The name is quite genius/corny, but after that it’s pretty beat. The site itself looks like two kids in Intro to Computer Science put it together when they were being taught “Coding for Dummies”. Even worse, the majority of the members are late teen to early 20s with several kids. Having children isn’t a bad thing, but honestly, it doesn’t look good when you’re 20, single, and have 4 kids by several baby daddies. Besides, I’ve tried to throw a hot dog down a hallway and it’s just no fun. Both OkCupid and POF are web-based that have apps that work for your phone. These are the two app-based dating sites.

Hinge

Maybe the hottest dating app in the game right now. It's for people sick of dating randos via Tinder. It's blowing up right now. You connect it with your Facebook and then it sends back possible matches based off of friends of friends who are single and looking to mingle. In otherwords, you're going to be matched with someone in a limited pool where you know someone in common, giving you a connection to that person right away. As the company's CEO put it: “I use Tinder when I’m out and about or bored or want to mess around, and Hinge is where I meet the people I want to date.”

Hitch

Runs through your LinkedIn profile. It’s actually a really interesting slant on the dating world. The inevitable mutual friends that you also happen to work with (hence it being on LinkedIn) and socialize with makes this risky move. Sure, it would be great to find a classy broad with life aspirations and some actual fucking brains and/or personality. But taking your work home with you is no fun. Also, the name just freaks me the fuck out. Who really wants to think about putting the cart before the horse, especially if that horse ends up being a cow.

Tinder

Making matches on your iPhone is different, but not necessarily a bad thing. The unfortunate trickle-down effect of having matches made on your phone is that the picture quality is mediocre at best and you immediately go right into texting.
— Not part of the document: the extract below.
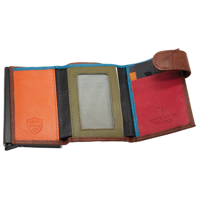 Specifikacija: kožni; za kartice s RFID zaštitom; odjeljak za sitan novac; dimenzija: 10×7 cm; zatvaranje na gumb; u poklon kutiji

At least the internet sites allow the opportunity to walk away and not feel burdened by anyone or anything. That shit pops right up on your phone. And Facebook and Tinder and whatever the hell else is generally confusing when it comes to “friends”. You might know the same people and have met them and have them accept your friend request. But what do you do if you think the person is completely normal and then you find out she’s the girl that all the guys are friends with but no one wants to fuck? There’s probably a reason for that.

 

In summation, if you suck at all these sites and still can’t find anyone decent, go back to the people that rated you on Lulu. There’s a decent chance they might take you back.